(DESCRIPTION OF THE TASK) The data below should be copied out exactly, with its pictures omitted.

(DATA BLOCK)
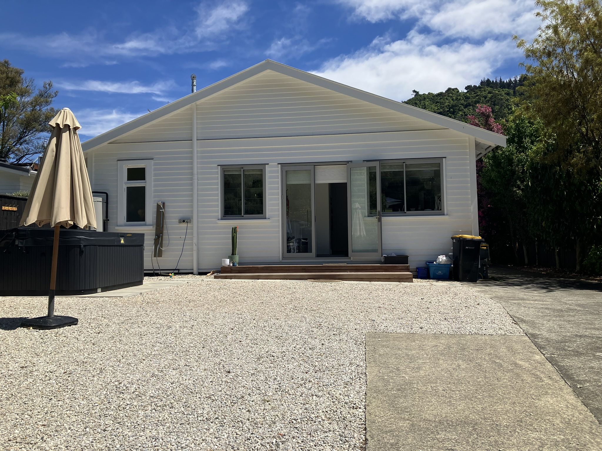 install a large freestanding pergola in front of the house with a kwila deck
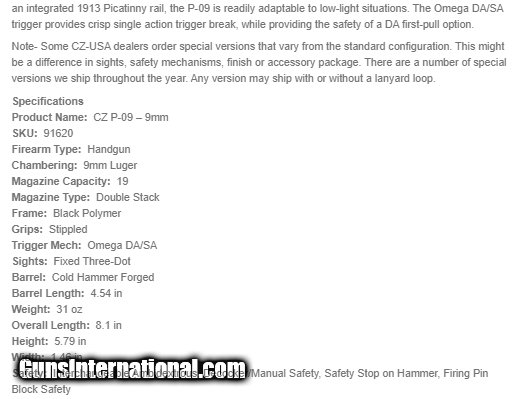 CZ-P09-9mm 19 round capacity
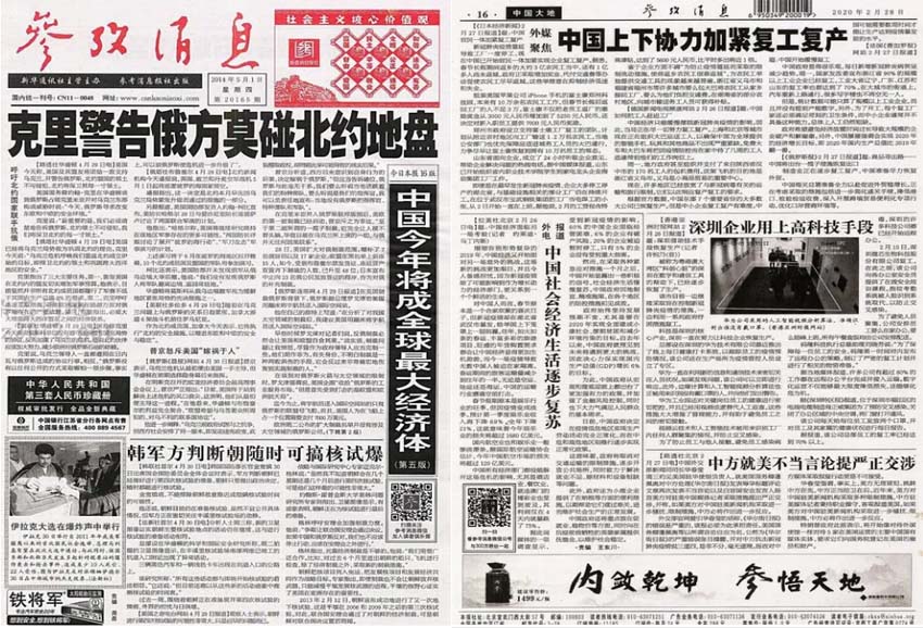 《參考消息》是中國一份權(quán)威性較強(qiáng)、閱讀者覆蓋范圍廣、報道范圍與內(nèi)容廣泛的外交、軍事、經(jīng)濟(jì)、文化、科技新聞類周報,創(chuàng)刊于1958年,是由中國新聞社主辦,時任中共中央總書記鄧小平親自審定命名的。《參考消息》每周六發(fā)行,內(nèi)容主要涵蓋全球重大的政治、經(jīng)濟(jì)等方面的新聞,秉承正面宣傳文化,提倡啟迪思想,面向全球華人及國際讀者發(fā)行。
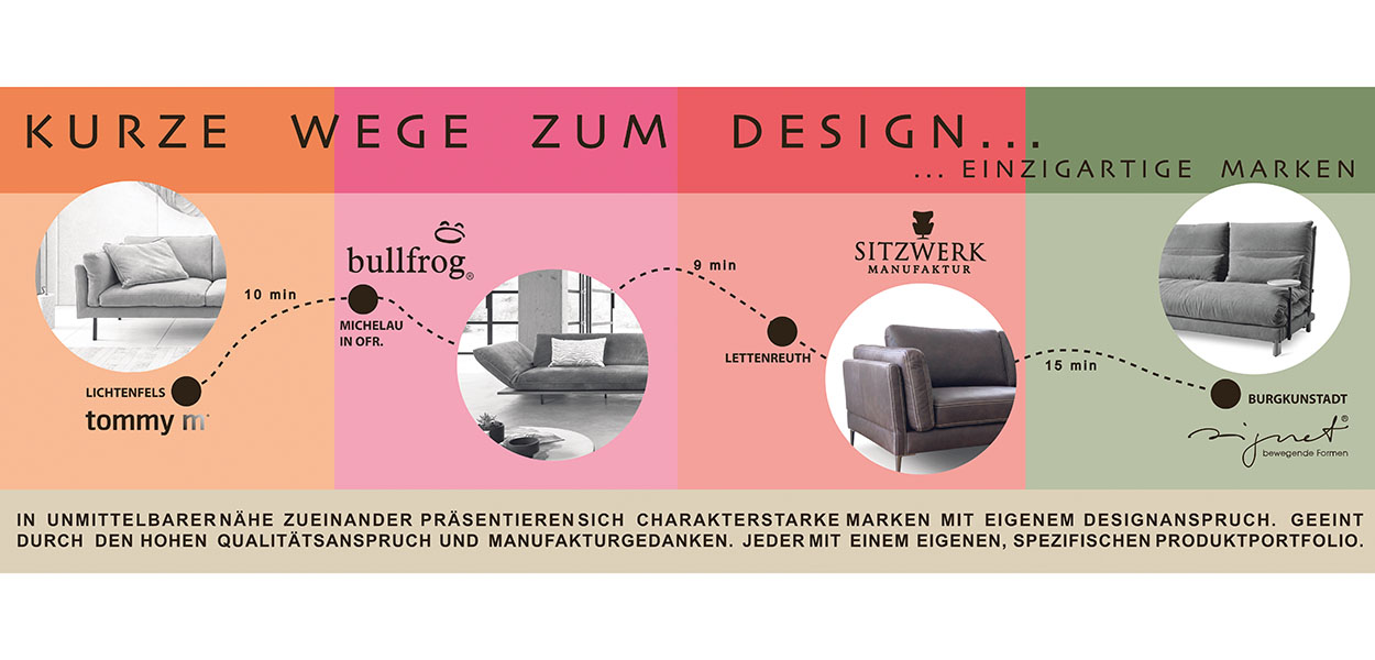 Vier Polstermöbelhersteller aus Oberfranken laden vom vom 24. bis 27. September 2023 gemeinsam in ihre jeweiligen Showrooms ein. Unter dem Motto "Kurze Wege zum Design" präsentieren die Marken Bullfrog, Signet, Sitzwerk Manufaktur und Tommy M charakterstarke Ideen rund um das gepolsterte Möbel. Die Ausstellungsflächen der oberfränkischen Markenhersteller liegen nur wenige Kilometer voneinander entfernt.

(SOLUTION FOR THIS PROBLEM)
 install a large freestanding pergola in front of the house with a kwila deck
 CZ-P09-9mm 19 round capacity
 《參考消息》是中國一份權(quán)威性較強(qiáng)、閱讀者覆蓋范圍廣、報道范圍與內(nèi)容廣泛的外交、軍事、經(jīng)濟(jì)、文化、科技新聞類周報,創(chuàng)刊于1958年,是由中國新聞社主辦,時任中共中央總書記鄧小平親自審定命名的。《參考消息》每周六發(fā)行,內(nèi)容主要涵蓋全球重大的政治、經(jīng)濟(jì)等方面的新聞,秉承正面宣傳文化,提倡啟迪思想,面向全球華人及國際讀者發(fā)行。
 Vier Polstermöbelhersteller aus Oberfranken laden vom vom 24. bis 27. September 2023 gemeinsam in ihre jeweiligen Showrooms ein. Unter dem Motto "Kurze Wege zum Design" präsentieren die Marken Bullfrog, Signet, Sitzwerk Manufaktur und Tommy M charakterstarke Ideen rund um das gepolsterte Möbel. Die Ausstellungsflächen der oberfränkischen Markenhersteller liegen nur wenige Kilometer voneinander entfernt.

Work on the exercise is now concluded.